DESCRIPTION OF THE TASK: Skip the pictures and restate, word for word, the lines from the one containing "진해에 모르는 사람이" to the end of the data below.

SUPPLIED INFORMATION:
..............................
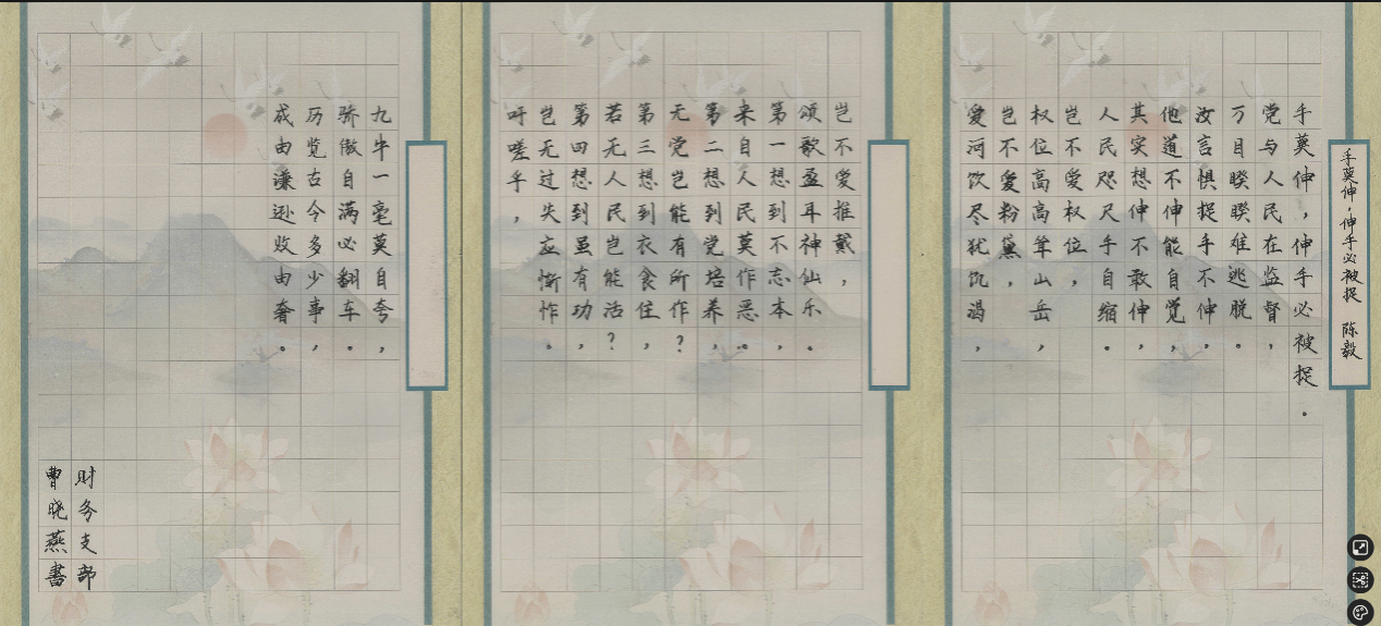 本次活動得到了黃海所廣大書畫愛好者的熱烈響應(yīng)和積極參與,創(chuàng)作出多幅優(yōu)秀書畫作品,以獨特的藝術(shù)視角和表現(xiàn)形式,詮釋了廉潔的內(nèi)涵和意義,表達(dá)了對黨、對祖國的熱愛以及永遠(yuǎn)跟黨走的堅定決心。
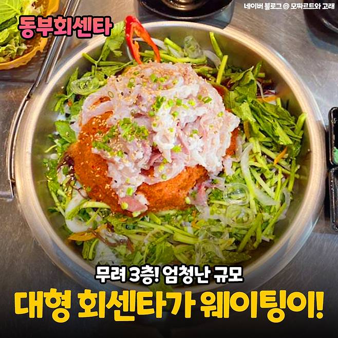진해에 모르는 사람이 없을 정도로 유명한 횟집! 동부회센타는 오프전부터 웨이팅이 있고 대기줄도 어마어마해 대기 공간도 따로 있을 정도랍니다. 이곳에 왜 이렇게 유명하냐면 바로 '갓'성비 때문인데요.
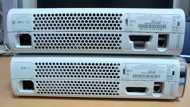 起動後、ゲームを始めると数分で熱暴走する初期ロットXbox360(ノ▽`)。色々ググってみると熱暴走は基盤の反りが原因でCPU,GPUのヒートシンクが浮いてしまう欠陥だとか。いいかげん積んだままの「Forza Motorsport4」を消化したい。でも新品の「Xbox360 S(現行機種)」は厳しい(なにより後継機の噂が聞こえ始めている)。かといって高確率で死亡する初期型を中古で買う度胸は無い。と、日々悶々としていました。そんな時見つけたのが下記のブログ。 ◆Jasper 基板とXenon, Zephyr, Falcon 基板との見分け方 / Xbox360改造日記 初期型Xbox360には「Xenon」,「Zepher」,「Falcon」,「Jasper」なる基盤が存在し、最後のJasperは静穏・省電力化が進んでいるとの事。という事は、Jasper基盤なら熱暴走の怯えず暫く遊べるんじゃないか?と思いネットオークションを覗くと、動作品を謳ったJasper基盤の本体のみの出品を発見。付属品は全て手持ちのXbox360から流用できるので、8英世ぐらいまでなら…と入札。 晴れて7.7英世で落札となりました♪。届いたXbox360の型番は「B4J-00184」のスタンダード版(右側)。大きな外傷も無く比較的綺麗な筐体。先廉価なアーケード版ではなくスタンダード版なので、ディスクトレイは初代(左側)と同様にメッキ加工されてます。が… 表面は気泡の様な物が浮いて酷い事になってます(爆)。どんな保管の仕方をすればこんな状態にんるんでしょ。この事はオークションの商品説明には記載されておらず、商品画像も解像度が低く確認できなかった為「謀ったな!シャ(ry」状態ですが…これくらいは我慢しますか。 背面の比較。家のAV環境は全てHDMIケーブルでフルデジタル化(笑)されているので、HDMI端子が追加されている点も重要です。いまさらD端子だ、コンポーネントだとアナログ接続の入り込む余地はありません。 そしてこれがJasper基盤の肝!電源仕様の表示。前出のブログでも説明されていますが、画像左側「MADE IN CHINA」の上に「12.1A」と表記されているのが省電力化されたJasper基盤の証だそうです。因みに製造年月日は2008年11月25日。手持ちの初期ロットは2005年11月5日なので、3年分の進化を体感できるはずです(笑)。 という訳で、早速動作確認をすべく電源投入…いやー驚きました(・_・;)。アイドリング状態でも爆音だった初期ロット物とは別物の静かさ。旗艦PCの方が五月蝿いくらいです。初めからこの静穏レベルの商品をリリースしていれば、日本市場における惨状も違ったのではないかと思うんですが(苦笑)。暫く放置しても暴走する気配がないので、続いてDVDドライブの状態を確認する為、ディスクトレイをオープン。…えーと、中でモーターが唸るだけ唸ってトレイが出てきません(核爆)。 「謀ったな(ry」フロントパネルを剥がしてイジェクトホールを探し、細い金属を差し込んで、引っ掻きまわしても、ウンともスンとも言わないドライブ。あーこれは嵌められたかなぁ…と半ば諦め気味に、再度電源を入れてトレイのイジェクトを試す事数回…トレイが吐き出されました(つд`)。輸送中に何らかの衝撃が加わってトレイのギヤが噛んだのか(それはそれで梱包に難あり)、まともな動作確認をしてなかったのか。まぁ、動いてくれれば返品する理由はありませんけどね(´д`)y−。 最後は、万が一DVDドライブが故障していてディスクに傷がついても後悔しない様「ガンダム オペレーショントロイ」を突っ込んでゲームの起動確認(爆)。一通り問題なく使えそうです。という訳で、約1年振りにXbox360が帰ってきました(`・ω・´)。これで、あのゲームがプレイできる! |
..............................
EXERCISE ANSWER:
진해에 모르는 사람이 없을 정도로 유명한 횟집! 동부회센타는 오프전부터 웨이팅이 있고 대기줄도 어마어마해 대기 공간도 따로 있을 정도랍니다. 이곳에 왜 이렇게 유명하냐면 바로 '갓'성비 때문인데요.
 起動後、ゲームを始めると数分で熱暴走する初期ロットXbox360(ノ▽`)。色々ググってみると熱暴走は基盤の反りが原因でCPU,GPUのヒートシンクが浮いてしまう欠陥だとか。いいかげん積んだままの「Forza Motorsport4」を消化したい。でも新品の「Xbox360 S(現行機種)」は厳しい(なにより後継機の噂が聞こえ始めている)。かといって高確率で死亡する初期型を中古で買う度胸は無い。と、日々悶々としていました。そんな時見つけたのが下記のブログ。 ◆Jasper 基板とXenon, Zephyr, Falcon 基板との見分け方 / Xbox360改造日記 初期型Xbox360には「Xenon」,「Zepher」,「Falcon」,「Jasper」なる基盤が存在し、最後のJasperは静穏・省電力化が進んでいるとの事。という事は、Jasper基盤なら熱暴走の怯えず暫く遊べるんじゃないか?と思いネットオークションを覗くと、動作品を謳ったJasper基盤の本体のみの出品を発見。付属品は全て手持ちのXbox360から流用できるので、8英世ぐらいまでなら…と入札。 晴れて7.7英世で落札となりました♪。届いたXbox360の型番は「B4J-00184」のスタンダード版(右側)。大きな外傷も無く比較的綺麗な筐体。先廉価なアーケード版ではなくスタンダード版なので、ディスクトレイは初代(左側)と同様にメッキ加工されてます。が… 表面は気泡の様な物が浮いて酷い事になってます(爆)。どんな保管の仕方をすればこんな状態にんるんでしょ。この事はオークションの商品説明には記載されておらず、商品画像も解像度が低く確認できなかった為「謀ったな!シャ(ry」状態ですが…これくらいは我慢しますか。 背面の比較。家のAV環境は全てHDMIケーブルでフルデジタル化(笑)されているので、HDMI端子が追加されている点も重要です。いまさらD端子だ、コンポーネントだとアナログ接続の入り込む余地はありません。 そしてこれがJasper基盤の肝!電源仕様の表示。前出のブログでも説明されていますが、画像左側「MADE IN CHINA」の上に「12.1A」と表記されているのが省電力化されたJasper基盤の証だそうです。因みに製造年月日は2008年11月25日。手持ちの初期ロットは2005年11月5日なので、3年分の進化を体感できるはずです(笑)。 という訳で、早速動作確認をすべく電源投入…いやー驚きました(・_・;)。アイドリング状態でも爆音だった初期ロット物とは別物の静かさ。旗艦PCの方が五月蝿いくらいです。初めからこの静穏レベルの商品をリリースしていれば、日本市場における惨状も違ったのではないかと思うんですが(苦笑)。暫く放置しても暴走する気配がないので、続いてDVDドライブの状態を確認する為、ディスクトレイをオープン。…えーと、中でモーターが唸るだけ唸ってトレイが出てきません(核爆)。 「謀ったな(ry」フロントパネルを剥がしてイジェクトホールを探し、細い金属を差し込んで、引っ掻きまわしても、ウンともスンとも言わないドライブ。あーこれは嵌められたかなぁ…と半ば諦め気味に、再度電源を入れてトレイのイジェクトを試す事数回…トレイが吐き出されました(つд`)。輸送中に何らかの衝撃が加わってトレイのギヤが噛んだのか(それはそれで梱包に難あり)、まともな動作確認をしてなかったのか。まぁ、動いてくれれば返品する理由はありませんけどね(´д`)y−。 最後は、万が一DVDドライブが故障していてディスクに傷がついても後悔しない様「ガンダム オペレーショントロイ」を突っ込んでゲームの起動確認(爆)。一通り問題なく使えそうです。という訳で、約1年振りにXbox360が帰ってきました(`・ω・´)。これで、あのゲームがプレイできる! |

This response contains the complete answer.